Generation Is Cheap. Judgment Isn't.

Generation is cheap, judgment isn't - a robot generating code while a stick figure reviews it thinking "should this ship?"

With new AI models getting released almost every other day these days (every day?), code generation keeps getting faster.

Git work trees any one?

What used to take a day takes an hour. Sometimes less, if the model is having a good day.

Teams are shipping more code than ever. But someone still has to read it.

The review side never caught up

As generation speeds up, PRs are getting bigger and more frequent. The diffs just keep coming.

Most teams haven’t really adjusted to this. Code review is still treated like the last checkbox before merge. Something you do in between writing your own code.

That framing made sense when writing was the bottleneck.

It isn’t anymore.

These days I easily spend four hours a day reviewing code. Sometimes more.

My updates in the daily standup meeting these days:

reviewed 2 or 3 PR’s
made progress on xyz task

What my reviews used to look like

For years my reviews were basically pattern recognition.

I’d catch the things I already knew how to recognize.

The missing null check.

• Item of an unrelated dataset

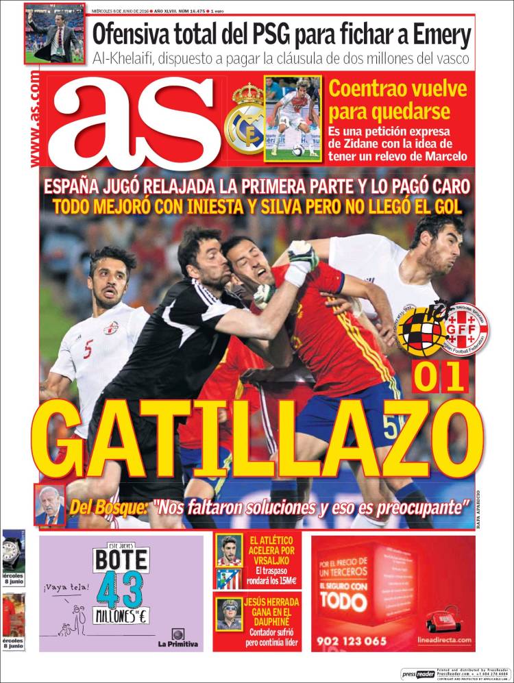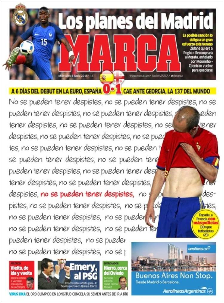 The Hernia Chronicle nos regala hoy una portada gallifante que evoca a Bart en la cabecera de Los Simpson. Efectivamente, galernautas: es para quedarse un poco amarillo. Gatillazo lo describe picarón por su parte el Dailly Ouija, un diario cuya flacidez informativa ha quedado sobradamente acreditada estos días después de que Florentino, Pepe, Benzema y Carvajal desfilaran por la portada de su competidor Marca. Qué bonito titular es Gatillazo. Tanto que, bien pensado, y modificando lo inicialmente anunciado, vamos a combinarlo con el de Sport para formar el nuestro propio.

The N+1 query I’ve been burned by before. A callback handler where someone forgot the encryption scheme changed upstream.

Stuff like that.

In other words, my reviews were mostly a catalog of my own past mistakes.

If I’d seen it break before, I’d catch it.

If I hadn’t, it probably sailed through.

The harder problems were the ones that sit between systems. The stuff that isn’t obvious in a single file.

A side effect two services downstream. An edge case that only happens when requests arrive in a weird order. A quiet assumption in one module that another module unknowingly depends on.

None of this is about carelessness. It’s just cognitive limits.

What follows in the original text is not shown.